Population dynamics studies the behavior of a given group of living organisms (population) over time, usually taking into account abiotic factors and possibly other populations in the environment. For example, one might study the population of phytoplankton in a given lake and its relation to water temperature, concentrations of nutrients/pollutants (such as nitrogen and phosphorus), and the biomass of zooplankton (which feeds on phytoplankton). The modeling formalism most often used by ecological experts is the formalism of differential equations, which describe the change of state of a dynamic system over time. A typical approach to modeling population dynamics is as follows: an ecological expert writes a set of differential equations that capture the most important relationships in the domain. These are often linear differential equations. The coefficients of these equations are then determined (calibrated) using measured data.
Relationships among living communities and their abiotic environment can be highly nonlinear. Population dynamics (and other ecological) models have to reflect this to be realistic. This has caused a surge of interest in the use of techniques such as neural networks for ecological modeling. Measured data are used to train a neural network which can then be used to predict the future behavior of the studied population. In this fashion, population dynamics of algae, aquatic fauna, fish, phyto-plankton, and zooplankton - among others - have been modeled.
While regression tree induction has also been used to model population dynamics, systems for discovery of differential equations have proved most useful in this respect, since differential equations are the prevailing formalisms used for ecological modeling. Algal growth has been modeled for the Lagoon of Venice and the Slovenian Lake of Bled, while phytoplankton growth has been modeled for the Danish Lake Glumsoe.
Case study: Modeling algal growth in the Lagoon of Venice
The beautiful and shallow Lagoon of Venice is under heavy pollution stress due to agricultural activities (use of fertilizers) on the neighboring mainland. Pollutants are food (nutrients) for algae, which have on occasion grown excessively to the point of suffocating themselves, then decayed and caused unpleasant odors (noticed also by the tourists). Models of algal growth are needed to support environmental management decisions and answer questions such as: ''Would a reduction in the use of phosphorus-rich fertilizers reduce algal growth?''
Kompare and Dzeroski use regression trees and equation discovery to model the growth of the dominant species of algae (Ulva rígida) in the Lagoon of Venice in relation to water temperature, dissolved nitrogen and phosphorus, and dissolved oxygen. The trees give a rough picture of the relative importance of the factors influencing algal growth (cf. Figure 5), revealing that nitrogen is the limiting factor (and thus providing a negative answer to the question in the above paragraph). The equations discovered, on the other hand, give better prediction of the peaks and crashes of algal biomass.
Severe problems of data quality were encountered in this application:
1. Dissolved oxygen, for example, was measured at the water surface approximately at noon (when oxygen is produced by photosynthesis and is plentiful). Hence, the data does not reveal potential anoxic conditions, which might occur at night.
2. Measurement errors of algal biomass were estimated to be quite large by the domain experts (up to 50% relative error).
3. Finally, winds were not taken into account: these might move algae away from the sampling stations and cause huge variations in the observed biomass values.

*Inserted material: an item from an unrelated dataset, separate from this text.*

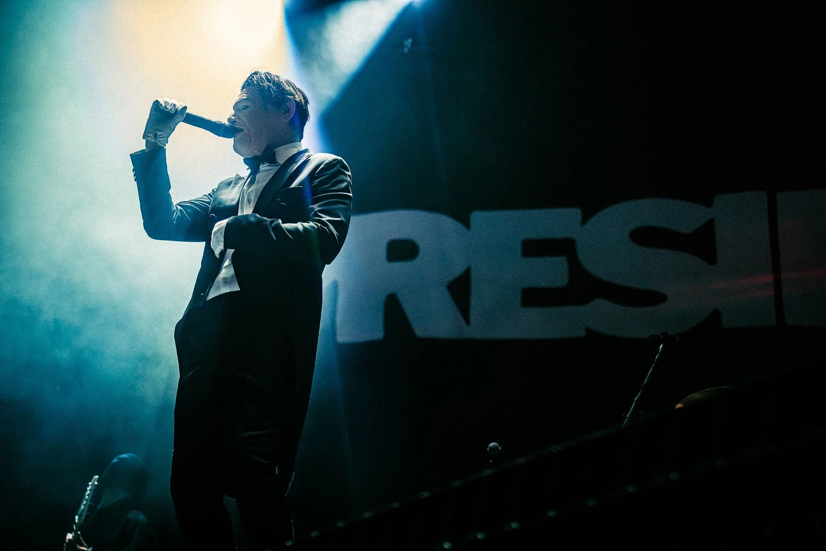 Opening the show was the new enigmatic band from the UK, President, who made their debut last summer at Download Festival in Donnington Park, England. Who is President? Well, that's the question, isn't it? Fronted by an anonymous singer, “The President,” who wears a terrifying Richard Nixon-esque mask, this band blends metalcore with electronica influences. Other members wear black cloth masks, concealing their true identities, are known as Heist (guitar), Vice (drummer), and Protest (bassist). Opening their set with their single “Fearless”, the band meandered out to the stage, with the vocalist appearing behind a podium with the band's insignia in red neon light on the front, giving the illusion that he is addressing the audience in a political forum. The reviews from the crowd seemed mixed; some knew the music and sang along enthusiastically, while others seemed bored. Was this out of genuine disinterest or unfamiliarity with the band? That’s a question I can not answer. In a new wave of anonymous and masked bands, it is hard to tell if President will convert the polls to their favor.

Case study: Phytoplankton growth in Lake Glumsoe
The shallow Lake Glumsoe is situated in a subglacial valley in Denmark. It has received mechanically-biologically treated waste water, as well as non-point-source pollution due to agricultural activities in the surrounding area. High concentration of pollutants (food for phytoplankton) has led to excessive growth of phyto-plankton and consequently no submerged vegetation, due to low transparency of the water and oxygen deficit
Figure 5 A regression tree for predicting algal growth, i.e., change in biomass. Bio(t), DO(t), and NO3(t) stand for the concentrations of biomass, dissolved oxygen, and nitrates at time t, respectively, and AX(t) = X(t) -X(t - 1).
Table 3 The discovered model for phytopankton growth in Lake Glumsoe phyt = 0.553 • temp • phyt •_ph0Sp_
(anoxia) at the bottom of the lake. It was thus important to have a good model of phytoplankton growth to support environmental management decisions.
We used KDD methods for the discovery of differential equations to relate phytoplankton (phyt) growth to water temperature (temp), nutrient concentrations (nitrogen, nitro, and phosphorus, phosp) and zooplankton concentration (zoo). Some elementary knowledge on population dynamics modeling was taken into account during the discovery process. This domain knowledge tells us that a term called Monod's term, which has the form Nutrient/ (Nutrient + constant), is a reasonable term to be expected in differential equations describing the growth of an organism that feeds on Nutrient. It describes the saturation of the population of organisms with the nutrient.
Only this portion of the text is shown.